» Data provided:

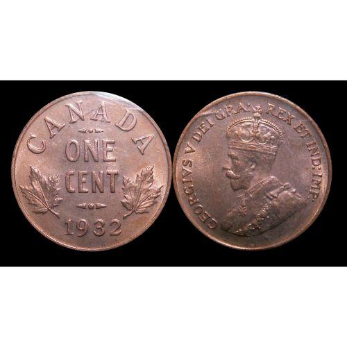TIED FOR FINEST KNOWN! 1932 1¢ ICCS MS65 PQ+ Full Red. Wow! An amazing "George V" Small cent. Excellent strike with clean fields and great surfaces. The nicest example ever handled by TCNC. Believed to be the nicest!
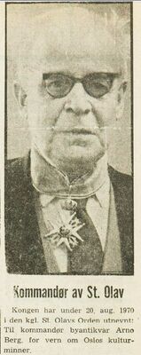 | Det er ikke alltid lett å fremheve en enkeltinnsats. Men Arno Berg var med overalt. Hans arbeidsdag i Norge strakte seg over nesten 60 år, og i mer enn førti år satt han i ledende stillinger og ombud. ... Når han ikke satt i en komite eller ikke var på befaring eller oppmåling, kunne han påtreffes i Statsarkivet, i Riksarkivet eller i en av dagsavisenes redaksjoner. Allikevel hadde han alltid god tid, snakket - ofte lenge - med alle han traff om alt han var opptatt av, og rakk allikevel å forske og skrive. Han likte å slåss, helst for noe, men han foretrakk å overbevise og overtale. ... Arno Berg var åpen, meddelsom, med en uryddig charme. | ||
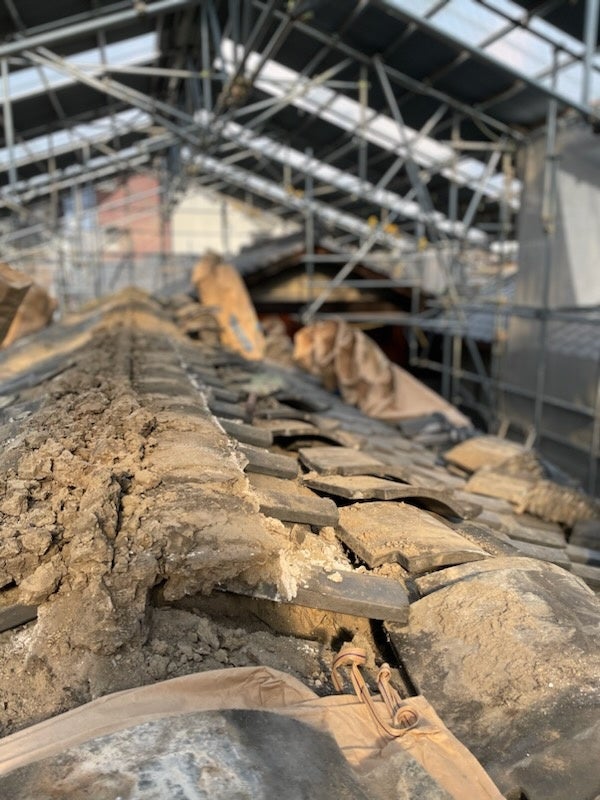 コロナの影響で、祇園祭の巡行は2年間中止となり、当保存会の収益の柱であった祇園祭の期間の公開収入は90%以上の減収となってしまいました。巡行は昨年3年ぶりに縮小実施され、今年4年ぶりに従来通りに盛大に行われましたが、当財団の文化財を守る費用の確保は大変厳しい状況の中、迫りくる老朽化をくいとめるため、わたしたちは「待った無し」で令和4年度から3カ年度をかけて、大屋根葺き替えと修復工事を進めることを決意しました。

» Task item:
Transcribe each line above verbatim, with the pictures left out.

» Response to this task:
TIED FOR FINEST KNOWN! 1932 1¢ ICCS MS65 PQ+ Full Red. Wow! An amazing "George V" Small cent. Excellent strike with clean fields and great surfaces. The nicest example ever handled by TCNC. Believed to be the nicest!
 | Det er ikke alltid lett å fremheve en enkeltinnsats. Men Arno Berg var med overalt. Hans arbeidsdag i Norge strakte seg over nesten 60 år, og i mer enn førti år satt han i ledende stillinger og ombud. ... Når han ikke satt i en komite eller ikke var på befaring eller oppmåling, kunne han påtreffes i Statsarkivet, i Riksarkivet eller i en av dagsavisenes redaksjoner. Allikevel hadde han alltid god tid, snakket - ofte lenge - med alle han traff om alt han var opptatt av, og rakk allikevel å forske og skrive. Han likte å slåss, helst for noe, men han foretrakk å overbevise og overtale. ... Arno Berg var åpen, meddelsom, med en uryddig charme. | ||
 コロナの影響で、祇園祭の巡行は2年間中止となり、当保存会の収益の柱であった祇園祭の期間の公開収入は90%以上の減収となってしまいました。巡行は昨年3年ぶりに縮小実施され、今年4年ぶりに従来通りに盛大に行われましたが、当財団の文化財を守る費用の確保は大変厳しい状況の中、迫りくる老朽化をくいとめるため、わたしたちは「待った無し」で令和4年度から3カ年度をかけて、大屋根葺き替えと修復工事を進めることを決意しました。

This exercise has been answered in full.